◆ **Task requirements**: For every line in the material, output its text exactly and exclude any image it holds.

◆ **Available data**:
┌────────

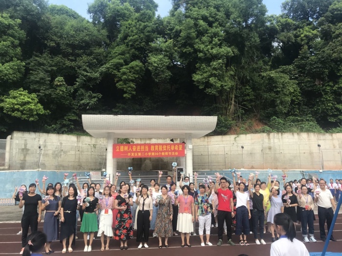 9月10日是第36個教師節。為持續實施“奮進之筆”的進展成效,展示廣大教師立足教育教學崗位,助力打贏新冠肺炎疫情防控阻擊戰、教育脫貧攻堅戰的精神風貌。當天早上,開發區第二小學全體師生齊聚學校操場舉行以“立德樹人奮進擔當 教育脫貧托舉希望”為主題的慶祝教師節活動。
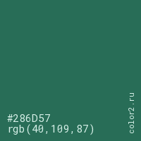 Цвет #286D57 в цветовой модели RGB обозначается тремя октетами (40, 109, 87) в десятичном формате и #286D57 в шестнадцатиричном (hex) формате, которые являются интенсивностью красного 40 (hex 28), интенсивность зелёного 109 (hex 6D) и интенсивность синего 87 (hex 57).
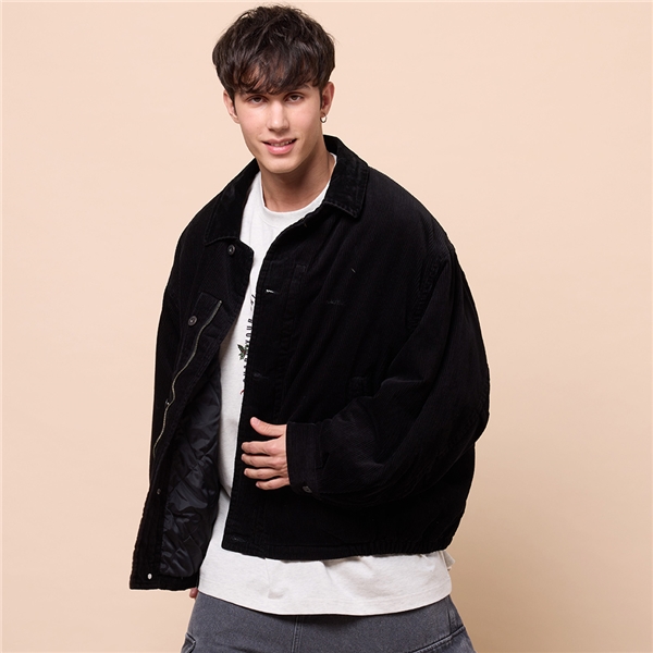 鋪棉異質翻領燈芯絨短版夾克外套-黑色

└────────

◆ **Exercise output**:
 9月10日是第36個教師節。為持續實施“奮進之筆”的進展成效,展示廣大教師立足教育教學崗位,助力打贏新冠肺炎疫情防控阻擊戰、教育脫貧攻堅戰的精神風貌。當天早上,開發區第二小學全體師生齊聚學校操場舉行以“立德樹人奮進擔當 教育脫貧托舉希望”為主題的慶祝教師節活動。
 Цвет #286D57 в цветовой модели RGB обозначается тремя октетами (40, 109, 87) в десятичном формате и #286D57 в шестнадцатиричном (hex) формате, которые являются интенсивностью красного 40 (hex 28), интенсивность зелёного 109 (hex 6D) и интенсивность синего 87 (hex 57).
 鋪棉異質翻領燈芯絨短版夾克外套-黑色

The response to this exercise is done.